Boston explosions miss locals
Runners, spectators with ties to Forest Grove, Cornelius unscathed by marathon bombings
Monday started out in fine fashion for Boston Marathon participants hailing from western Washington County: skies were clear, the temperature was perfect and the crowds were ebullient.
"It was an amazing experience there were people cheering the whole way," said Elena Parker of Forest Grove, who competed in the women's 55-59 age group. "It gave me goose bumps."
Then, disaster struck.
Soon after Parker completed the race in 4:01 (four hours, one minute), just before noon West Coast time, a pair of explosions rocked downtown Boston and created chaos at the packed finish line on Boylston Street.
With thousands of runners still on the course, emergency responders closed the area near the finish chute.

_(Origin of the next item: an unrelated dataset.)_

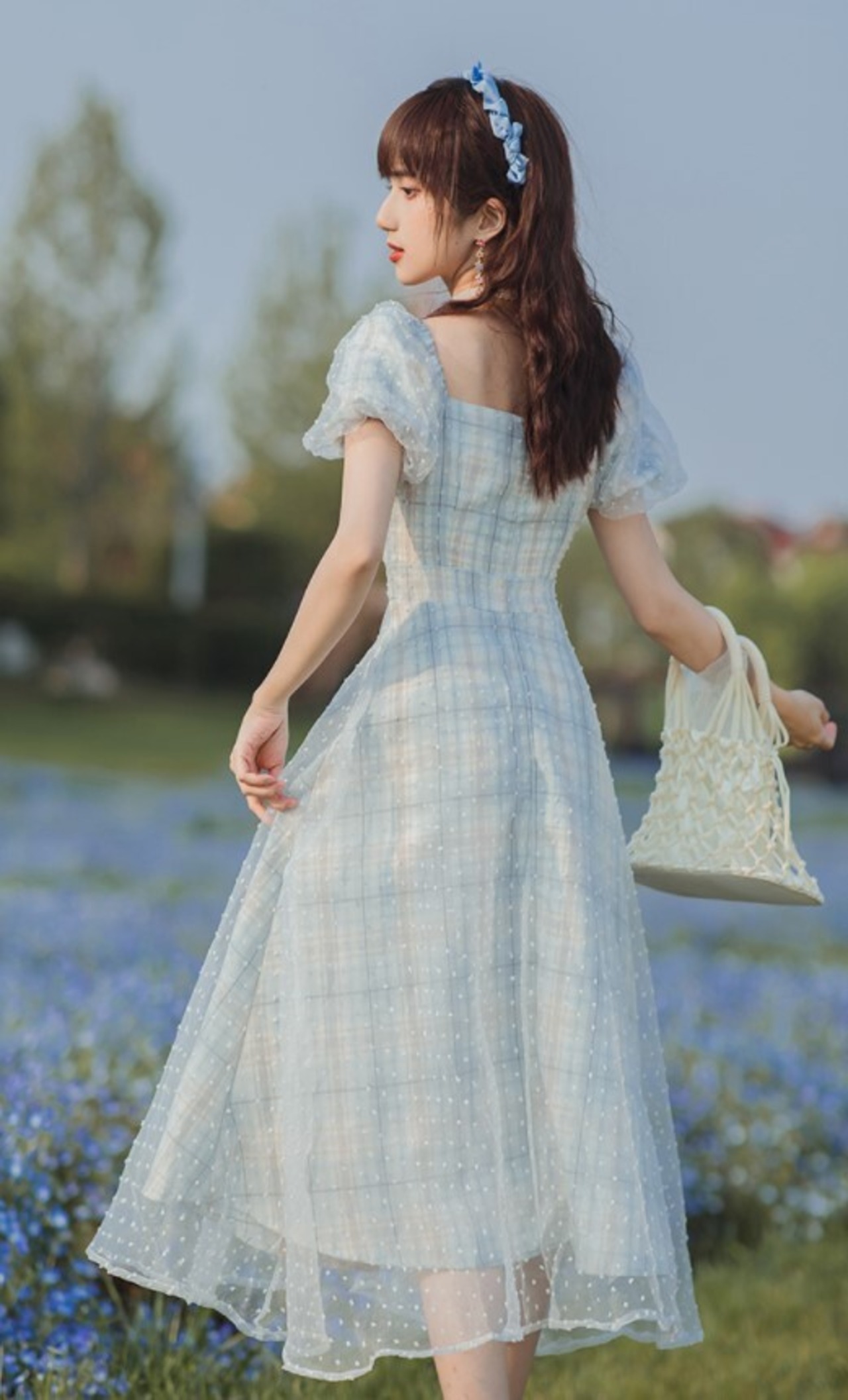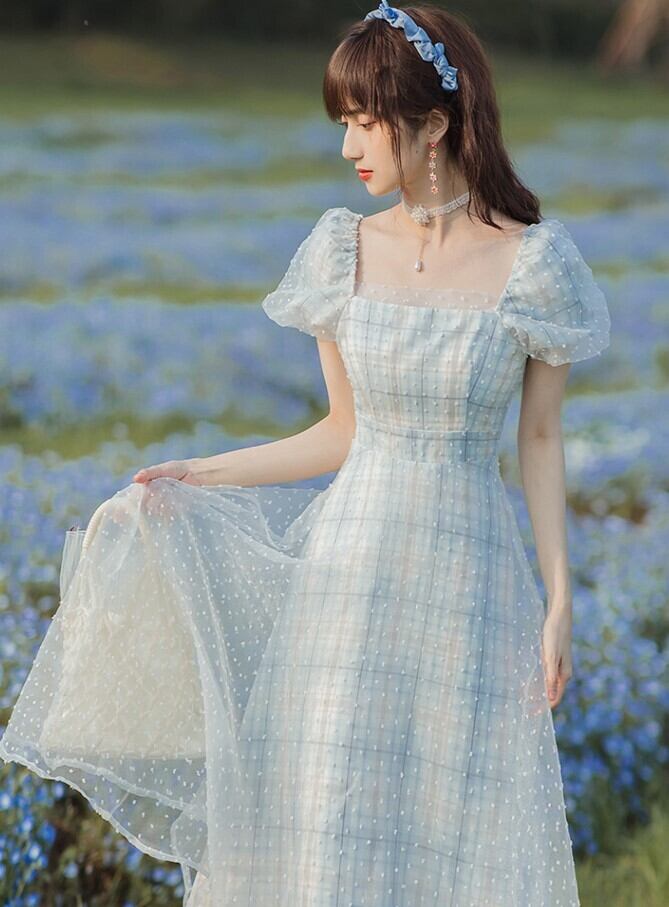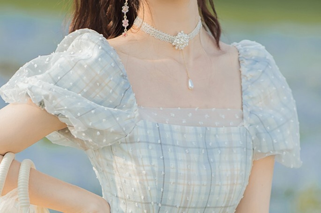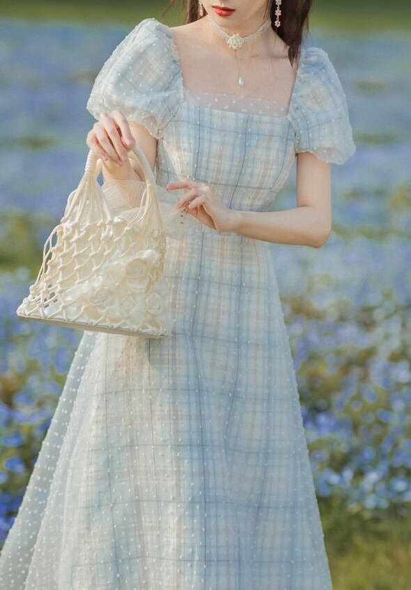ワンピース 春夏 レディース チェック ロング丈 レース パフスリーブ フェミニン キュート スクエアネック ハイウエスト ab1983

Of the 23,326 runners who started the 117th Boston Marathon, 17,584 including Parker and at least three others with ties to Forest Grove and Cornelius completed the marathon before officials brought the world-famous footrace to an abrupt halt.
At least three people were killed and more than 100 injured in what is believed to have been an intentional bombing. An investigation by the FBI and other agencies is ongoing.
Parker, 55, had traveled to Boston with her son, Grayson Penfield, 21, who finished the race ahead of her as part of the men's 18-39 age group. Parker completed the marathon around 2:30 p.m. Boston time, about 20 minutes before the first explosion rocked Copley Square.
She was two blocks away when she heard the first blast.
"I was standing in line to get my clothing bag off my bus and I heard this big bang," Parker said. "Then there was another explosion, and I saw the smoke. I knew right away something bad had happened."
Former Forest Grove Community School AmeriCorps member Kate Phillips, who now lives in Indiana, clocked a 3:06 in the women's 18-39 age division. Cornelius resident James Deorup, 64, finished the race in 3:56.
After running 26.2 miles, Parker said she was "in a daze" but aware that police cars and fire engines were speeding toward the marathon finish.
"I've never seen so many ambulances in my life," she said. "Sirens were going off non-stop. There were helicopters overhead."
She looked around for her son, who had come in 38 minutes prior, but couldn't find him. And amid the chaos, she couldn't reach a designated meetup area for family members. "Then, an amazing thing happened," she said: Grayson came walking toward her out of the crowd. "It was a miracle."
Jenna Jacobson, daughter of Forest Grove High School track coach Sue Fleskes, had a close call as a spectator in the grandstands near the finish line.
Jacobson, a former Aloha resident now living in Massachussetts, was rooting for her longtime best friend Jonna Leighton of Eugene.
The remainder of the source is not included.